▶ [The task]
Produce word for word the lines of the data below running from the one that has "Welkom in ons" to the one that has "Εδώ, έρχεται και", inclusive, and no others.

▶ [Material provided]
BEGIN

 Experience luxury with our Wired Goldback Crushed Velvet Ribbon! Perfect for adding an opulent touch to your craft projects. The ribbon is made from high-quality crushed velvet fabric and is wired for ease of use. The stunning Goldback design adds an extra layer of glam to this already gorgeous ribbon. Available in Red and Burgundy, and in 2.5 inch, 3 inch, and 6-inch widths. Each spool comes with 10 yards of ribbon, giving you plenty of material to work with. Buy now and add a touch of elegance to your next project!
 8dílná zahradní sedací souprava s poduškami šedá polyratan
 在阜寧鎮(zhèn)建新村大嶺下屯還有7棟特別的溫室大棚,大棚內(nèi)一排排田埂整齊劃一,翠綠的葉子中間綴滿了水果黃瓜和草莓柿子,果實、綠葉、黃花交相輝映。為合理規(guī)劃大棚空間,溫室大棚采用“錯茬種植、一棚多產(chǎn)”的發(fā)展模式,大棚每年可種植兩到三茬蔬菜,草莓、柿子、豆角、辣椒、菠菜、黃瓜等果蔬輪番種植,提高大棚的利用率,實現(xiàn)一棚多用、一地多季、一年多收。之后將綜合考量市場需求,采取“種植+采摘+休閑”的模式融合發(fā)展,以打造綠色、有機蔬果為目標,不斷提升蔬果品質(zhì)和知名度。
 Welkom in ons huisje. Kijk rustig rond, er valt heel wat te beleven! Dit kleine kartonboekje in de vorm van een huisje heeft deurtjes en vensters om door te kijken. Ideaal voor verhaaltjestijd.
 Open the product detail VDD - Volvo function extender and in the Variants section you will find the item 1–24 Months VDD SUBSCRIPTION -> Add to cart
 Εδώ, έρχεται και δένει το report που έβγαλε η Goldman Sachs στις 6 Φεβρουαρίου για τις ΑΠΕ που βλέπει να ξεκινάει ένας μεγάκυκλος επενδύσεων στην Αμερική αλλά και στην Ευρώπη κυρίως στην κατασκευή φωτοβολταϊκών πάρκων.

END
BEGIN

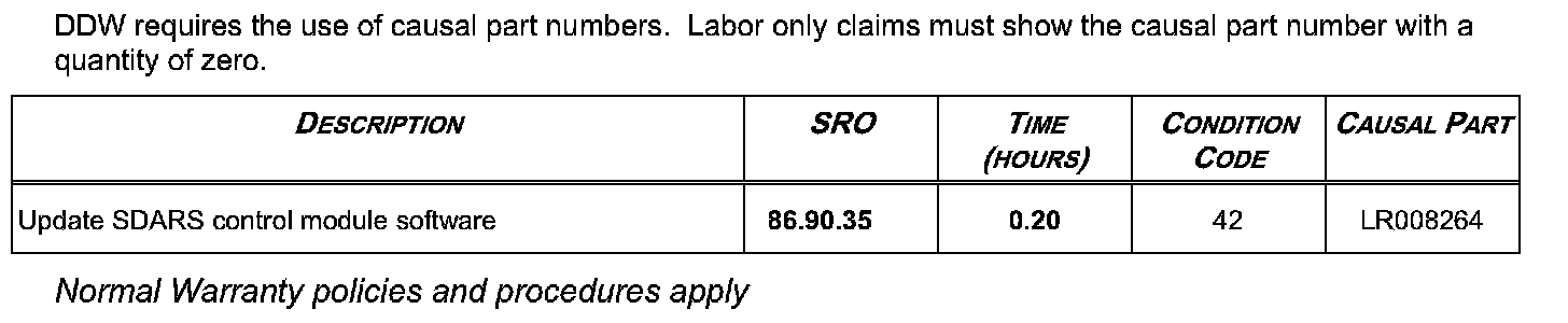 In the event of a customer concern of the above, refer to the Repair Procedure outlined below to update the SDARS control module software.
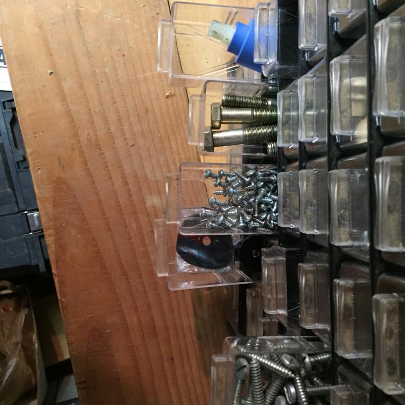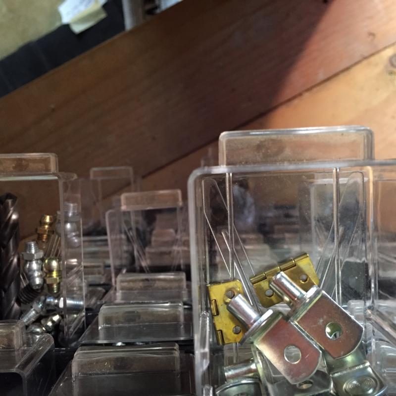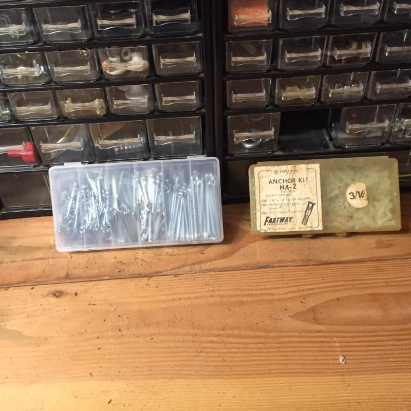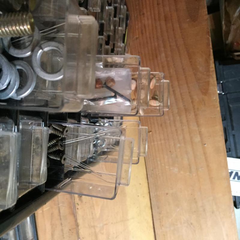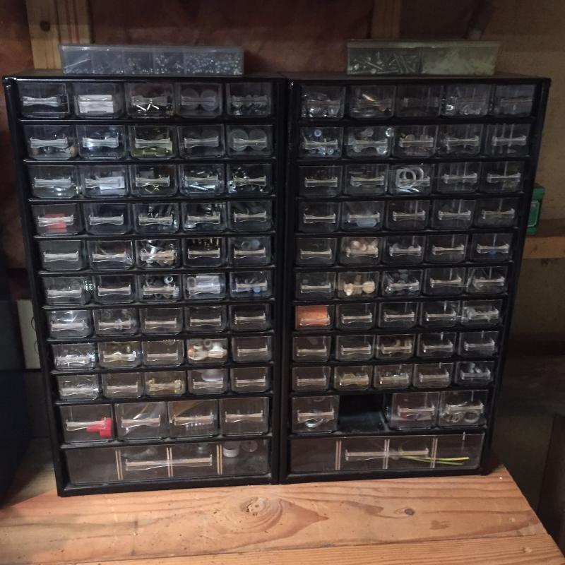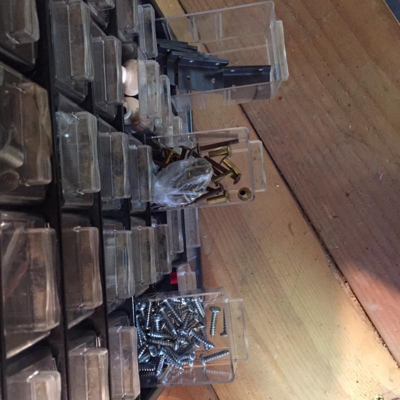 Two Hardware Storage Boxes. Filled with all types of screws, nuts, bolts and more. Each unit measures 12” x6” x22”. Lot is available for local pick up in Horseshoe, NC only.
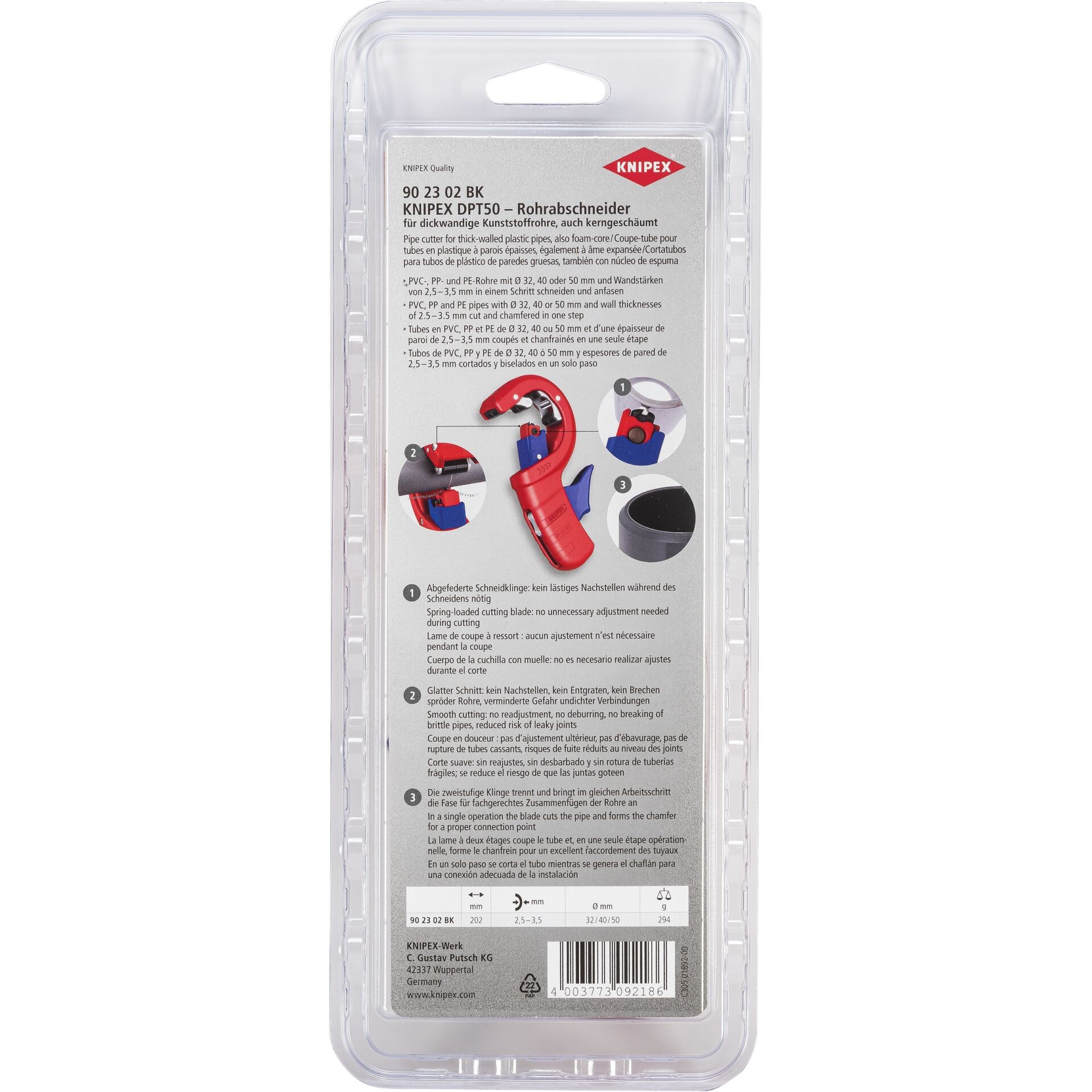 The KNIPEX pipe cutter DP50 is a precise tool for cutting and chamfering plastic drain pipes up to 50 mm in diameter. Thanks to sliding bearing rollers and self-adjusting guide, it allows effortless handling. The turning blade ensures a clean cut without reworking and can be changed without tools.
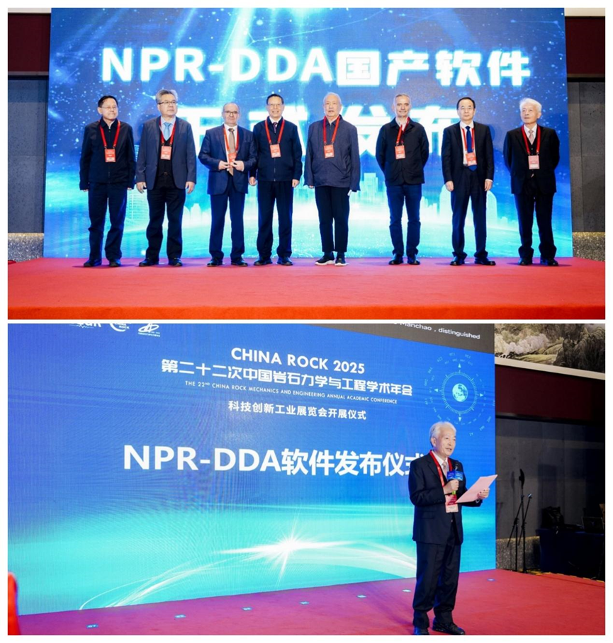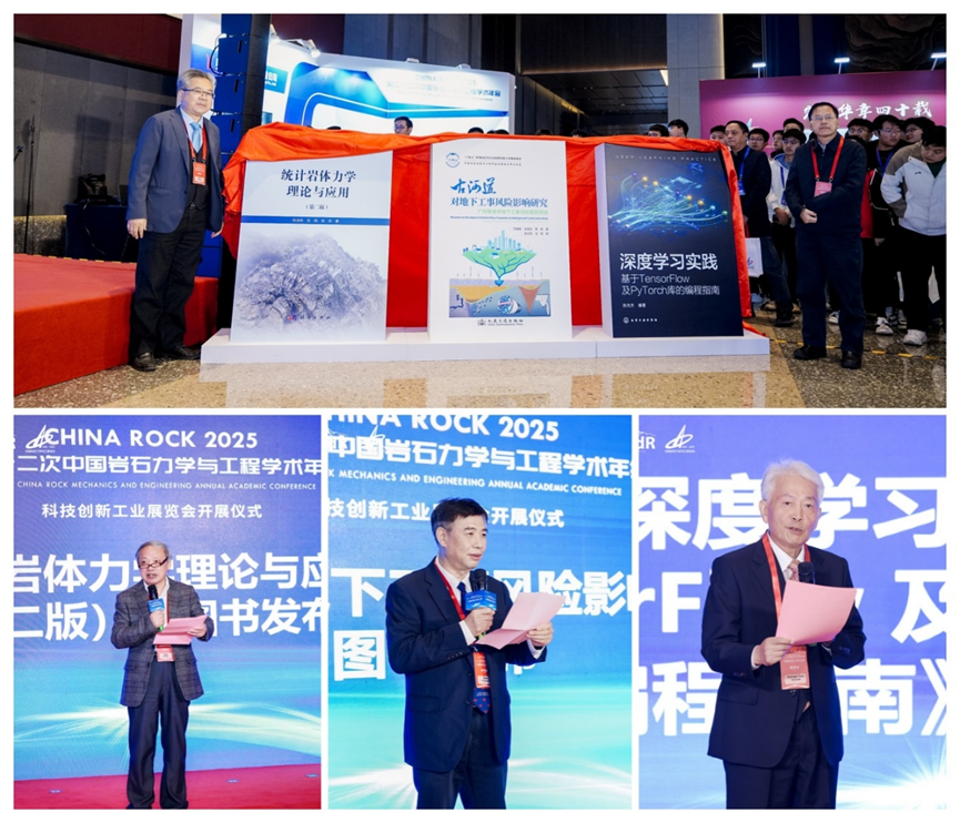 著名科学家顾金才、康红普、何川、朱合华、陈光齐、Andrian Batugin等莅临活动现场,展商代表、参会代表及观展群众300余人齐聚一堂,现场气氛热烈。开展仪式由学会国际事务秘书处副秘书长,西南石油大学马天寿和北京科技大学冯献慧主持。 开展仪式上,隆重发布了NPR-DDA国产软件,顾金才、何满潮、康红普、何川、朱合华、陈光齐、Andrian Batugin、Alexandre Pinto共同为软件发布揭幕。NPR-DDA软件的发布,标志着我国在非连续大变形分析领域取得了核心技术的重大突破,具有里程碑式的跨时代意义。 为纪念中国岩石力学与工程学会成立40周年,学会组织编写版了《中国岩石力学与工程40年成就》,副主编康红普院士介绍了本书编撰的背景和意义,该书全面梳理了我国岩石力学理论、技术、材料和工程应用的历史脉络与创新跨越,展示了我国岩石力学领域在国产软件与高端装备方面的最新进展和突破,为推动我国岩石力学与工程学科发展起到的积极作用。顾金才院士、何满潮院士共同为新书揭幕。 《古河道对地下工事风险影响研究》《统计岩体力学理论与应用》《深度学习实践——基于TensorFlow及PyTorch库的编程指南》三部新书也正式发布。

END
BEGIN

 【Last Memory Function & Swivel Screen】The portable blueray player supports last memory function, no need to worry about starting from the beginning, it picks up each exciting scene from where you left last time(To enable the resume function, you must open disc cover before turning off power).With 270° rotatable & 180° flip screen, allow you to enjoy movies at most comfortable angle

END

▶ [Final answer]
 Welkom in ons huisje. Kijk rustig rond, er valt heel wat te beleven! Dit kleine kartonboekje in de vorm van een huisje heeft deurtjes en vensters om door te kijken. Ideaal voor verhaaltjestijd.
 Open the product detail VDD - Volvo function extender and in the Variants section you will find the item 1–24 Months VDD SUBSCRIPTION -> Add to cart
 Εδώ, έρχεται και δένει το report που έβγαλε η Goldman Sachs στις 6 Φεβρουαρίου για τις ΑΠΕ που βλέπει να ξεκινάει ένας μεγάκυκλος επενδύσεων στην Αμερική αλλά και στην Ευρώπη κυρίως στην κατασκευή φωτοβολταϊκών πάρκων.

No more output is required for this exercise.